> Given material:

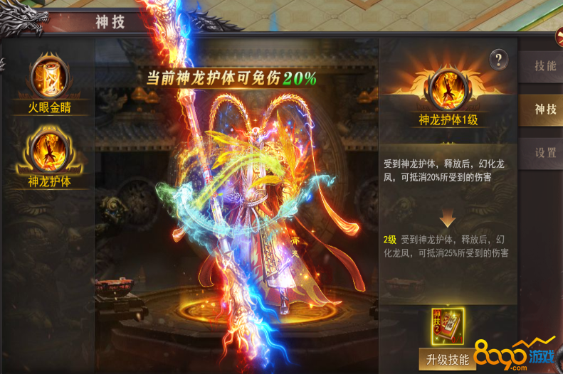 效果说明:受到神龙护体,释放后,幻化龙凤,可抵消所受到的伤害,持续一定时间(pvp和pve生效)
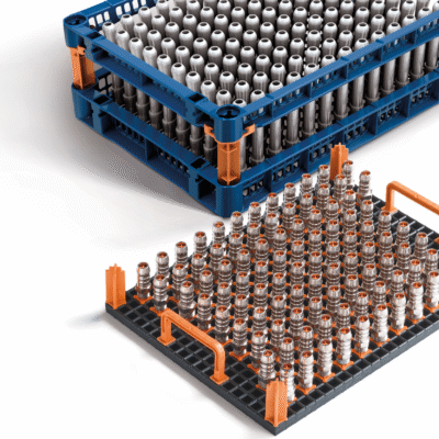 Industriekörbe und Werkstückträger im All-in-One System. Geeignet für Transport, Lagerung und Reinigung von sensiblen Bauteilen.
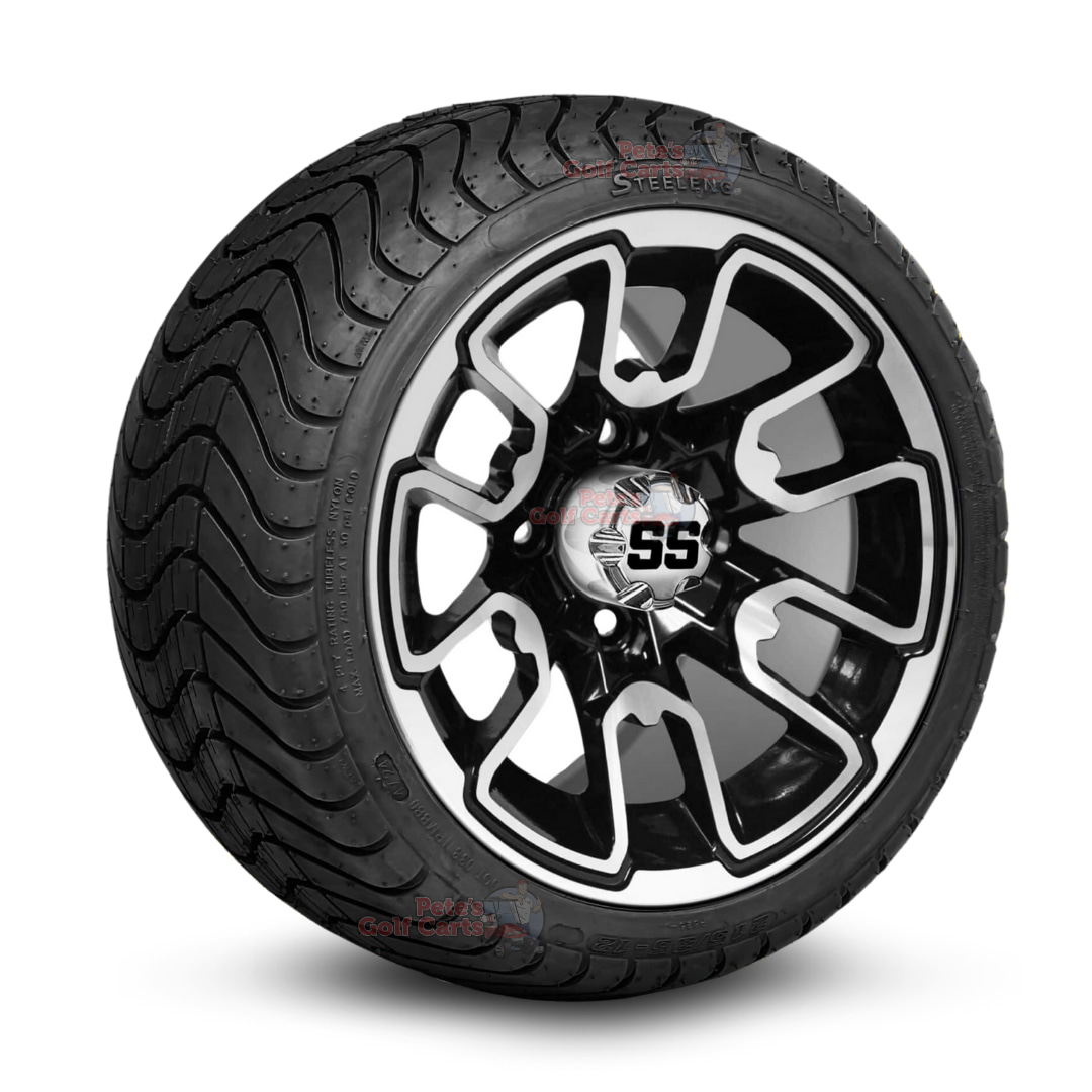 12″ Lizard Black/Machined Golf Cart Wheels and 18″ Tall Street/Turf Golf Cart Tires Combo – Set of 4

> Exercise details: Please repeat each line above exactly as it appears, but omit the pictures.

> Solution to this task:
 效果说明:受到神龙护体,释放后,幻化龙凤,可抵消所受到的伤害,持续一定时间(pvp和pve生效)
 Industriekörbe und Werkstückträger im All-in-One System. Geeignet für Transport, Lagerung und Reinigung von sensiblen Bauteilen.
 12″ Lizard Black/Machined Golf Cart Wheels and 18″ Tall Street/Turf Golf Cart Tires Combo – Set of 4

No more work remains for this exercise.